Hacker News new | ask | show | jobs
by shrx 703 days ago
From the article:

> If the verifier finds any unsafe code, the program is rejected and not executed. The verifier is rigorous -- the Linux implementation has over 20,000 lines of code [0] -- with contributions from industry (e.g., Meta, Isovalent, Google) and academia (e.g., Rutgers University, University of Washington).

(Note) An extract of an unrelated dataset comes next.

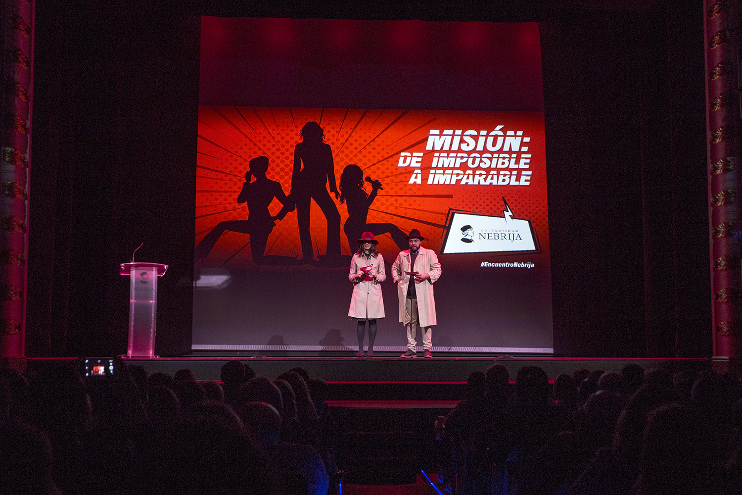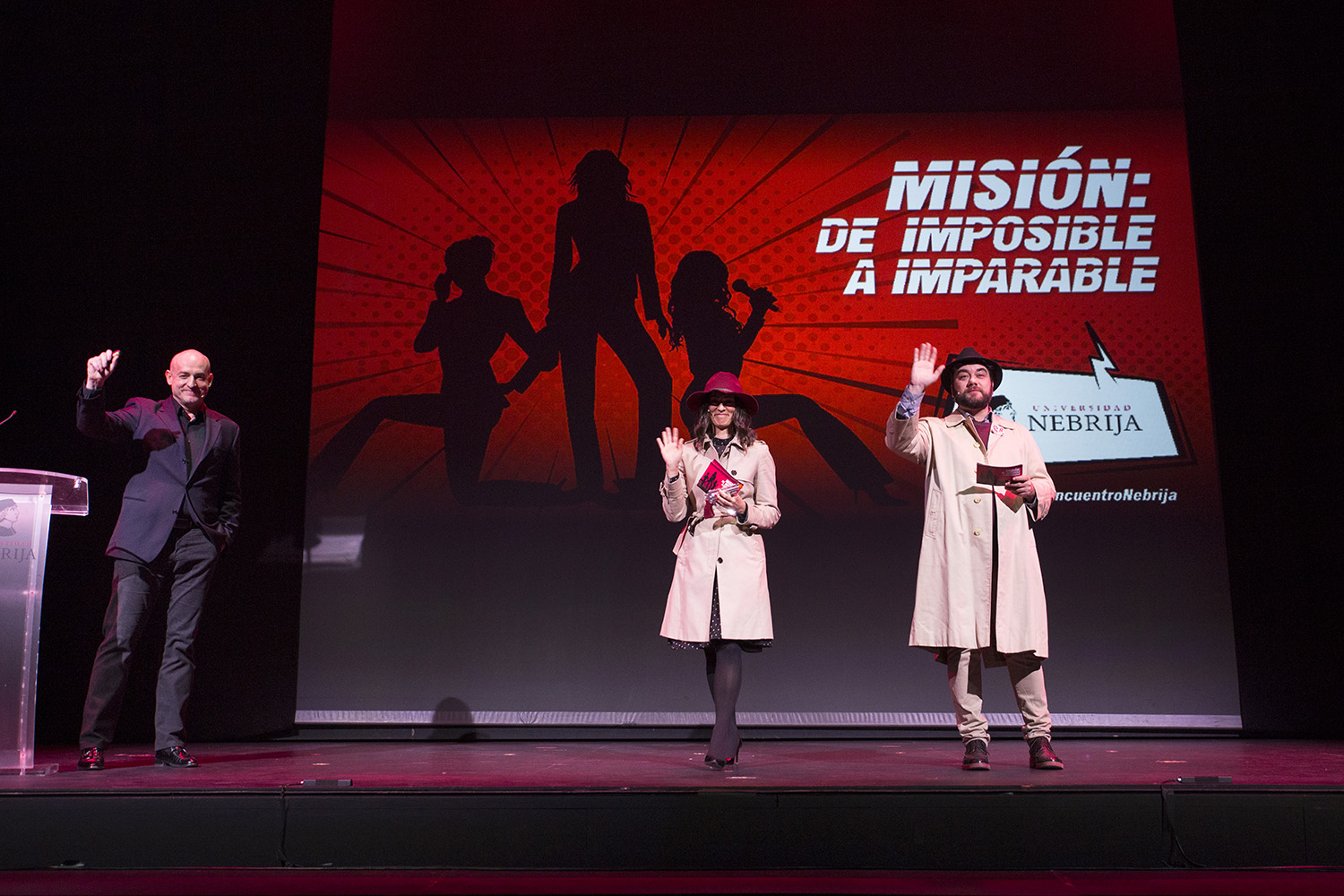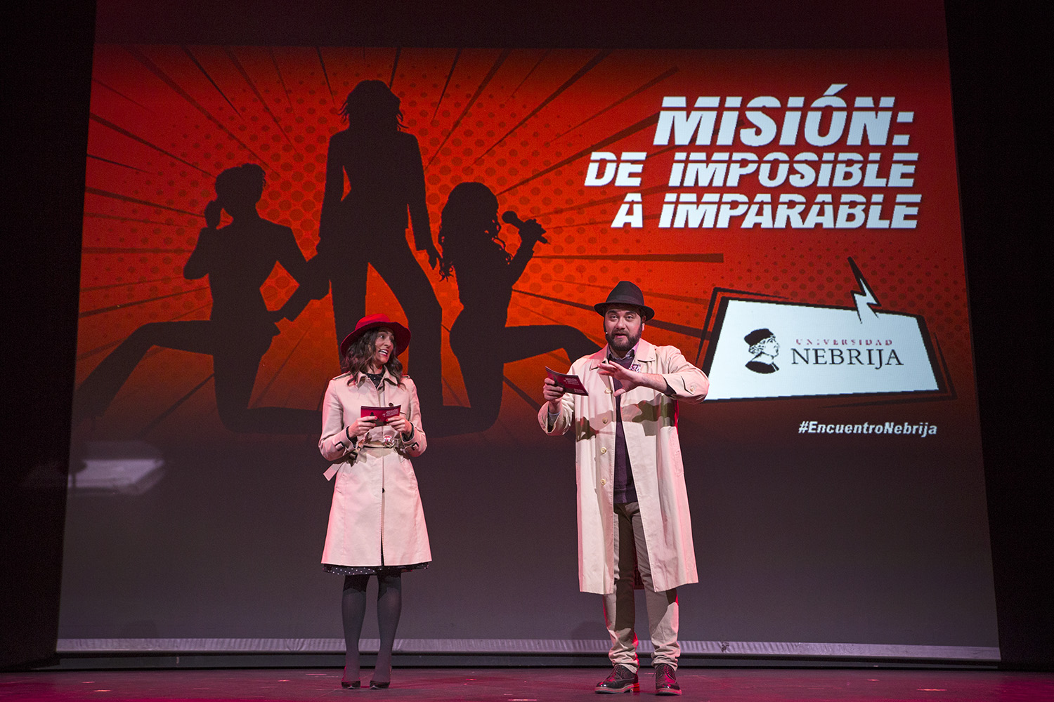 Los encargados de conducir el acto este año fueron Alicia de la Peña, directora de la Oficina de Proyección Profesional e Internacional y Nicolás Grijalba, director del Grado de Comunicación Audiovisual, quienes, siguiendo una historia detectivesca y con toques de humor, fueron guiando a los asistentes a lo largo del descubrimiento de los cuatro pilares fundamentales de la Universidad Nebrija: empleabilidad, exigencia académica, transversalidad e internacionalización.

[0] links to https://github.com/torvalds/linux/blob/master/kernel/bpf/ver... which has this interesting comment at the top:

    /* bpf_check() is a static code analyzer that walks eBPF program
     * instruction by instruction and updates register/stack state.
     * All paths of conditional branches are analyzed until 'bpf_exit' insn.
     *
     * The first pass is depth-first-search to check that the program is a DAG.
     * It rejects the following programs:
     * - larger than BPF_MAXINSNS insns
     * - if loop is present (detected via back-edge)
    ...
I haven't inspected the code, but I thought that checking for infinite loops would imply solving the halting problem. Where's the catch?
13 comments

I'm not able to comment on what this code is doing, but as for the theory:

The halting problem is only unsolvable in the general case. You cannot prove that any arbitrary piece of code will stop, but you can prove that specific types of code will stop and reject anything that you're unable to prove. The trivial case is "no jumps"—if your code executes strictly linearly and is itself finite then you know it will terminate. More advanced cases can also be proven, like a loop over a very specific bound, as long as you can place constraints on how the code can be structured.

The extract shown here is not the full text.